Eragon, or as I like to call it– "Nobleman of the Rings Sequence IV: A New Hope," is a new fantasy film based on a novel written by a 17 year old by the name of Christopher Paolini. While observance the moving picture, I could tell that this offspring fellow is very often in passion with Lord of the Rings (look on for creatures that look like orcs) and Star Wars (mystifying powers, a farm boy leaving home to fight the forces of evil, the old mentor world Health Organization speaks words of soundness, etc.), and in his defense, many of us are. It doesn’t feel entirely fair to say this guy wire blatantly ripped off those movies because many stories borrow from other stories and in fact, even Star Wars was heavily influenced by Akira Kurosawa’s Hidden Fortress. Even though it was hard to shake the familiar, chances are I may hold forgiven all the adoption had non Eragon been so disappointingly small in scope.
As Eragon opens, we’re introduced to the title grapheme (Edward Speleers), a brigham Young farm boy who has yet to venture outside the confines of his tiny village. After his brother flees (to annul being drafted by hostile forces), Eragon finds himself alone until he becomes the unsuspecting recipient of a mysterious, virtually extinct creature called a dragon. Before long, Eragon discovers, through the aid of a mystifying old timer (veteran Jeremy Irons), that he and the tartar are evermore linked, and that they might be the key to stopping the forces of immorality from ruling the satellite.
As is the case in the Tolkien and Lucas universes, this story is glass full of strange creatures, ruthless villains (here, the leader of the baddies is an underused King John Malkovich), witching powers, and an age old "good vs. evil" motif.
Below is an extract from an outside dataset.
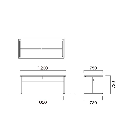 外寸:幅1200×奥行750×高さ720mm 脚間内寸:幅1020mm |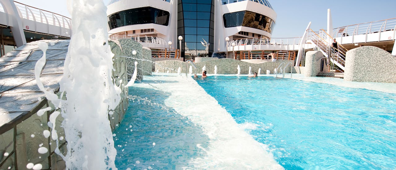 Pooldækket er en destination i sig selv. Du kan sole og bade i fire pools og tolv jacuzzis, eller slappe af i spa-afdelingen med tyrkisk bad.

Newcomer Edward Speleers ne’er appears solely comfortable in the pencil lead, but I suppose it’s safe to say Crisscross Hamil wasn’t exactly a master player either. Thankfully, Speleers has a warm supporting cast to pack away a little bit of press. Jeremy Irons is forced to narrate some in truth cringe-inducing dialogue, but he’s such a pro, that the words are a fairly easy to digest. As antecedently stated, Gospel According to John Malkovich doesn’t do much here. He’s stands just about barking orders, but it’s safe to say that he’ll feature a more than prominent character in the sequels (Eragon is the first of a proposed–you guessed it–trilogy) should this film make enough money to stock-purchase warrant one. Robert Carlyle (The Full Monty) has the most merriment as an evil thaumaturgist type with awesome powers. He winces and makes terrifying faces the entire time he’s on sieve, but what really upset the netherworld out of me is, if he’s so damn powerful, then why didn’t he simply kill Malkovich and read over the planet? Once again, maybe this is something that volition be addressed in the sequel. Or, maybe I should just run out and buy the quran.
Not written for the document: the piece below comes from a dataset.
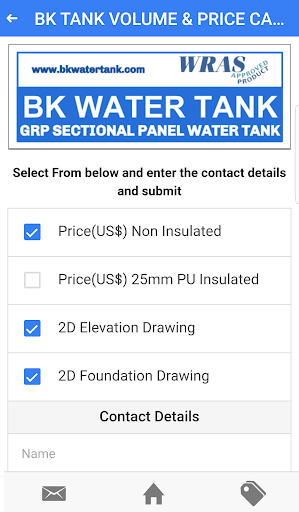 The tanks offered are BK SMC Hotpressed Panel Type WaterTanks,

The exceptional effects are decent sufficiency. The tartar is a lovely CGI creation, although I don’t know that I was as impressed by this one as I was by the one in the dissatisfactory Dragonheart (some other flick Eragon greatly resembles). How did I feel about the fact that the dragon in this picture is voiced by the stunning Rachel Weisz? Well, it sort of takes the menacing quality out of the character. Seriously! I was more than interested in making loss, hot sexual love to the dragon than fearing it.
Eragon’s biggest downfall is in the direction. Lots of the film is clumsy in terms of overall death penalty (the low gear scene in which Eragon takes flight, is fabulously sloppy) simply worst of all, theater director Stefen Fangmeier goes small rather than big. For this flick to really come alert, it required to be splashed on a much broader canvass. As it stands, everything feels rush and underdeveloped. Things ar over earlier they rattling begin. Dissimilar Star Wars and Noble of the Rings and even other dragon epics like the 80’s treasure Dragonslayer, Eragon always feels rinky dINK. For the love of Pete, this movie’s about a dragon! It’s supposed to be super sized!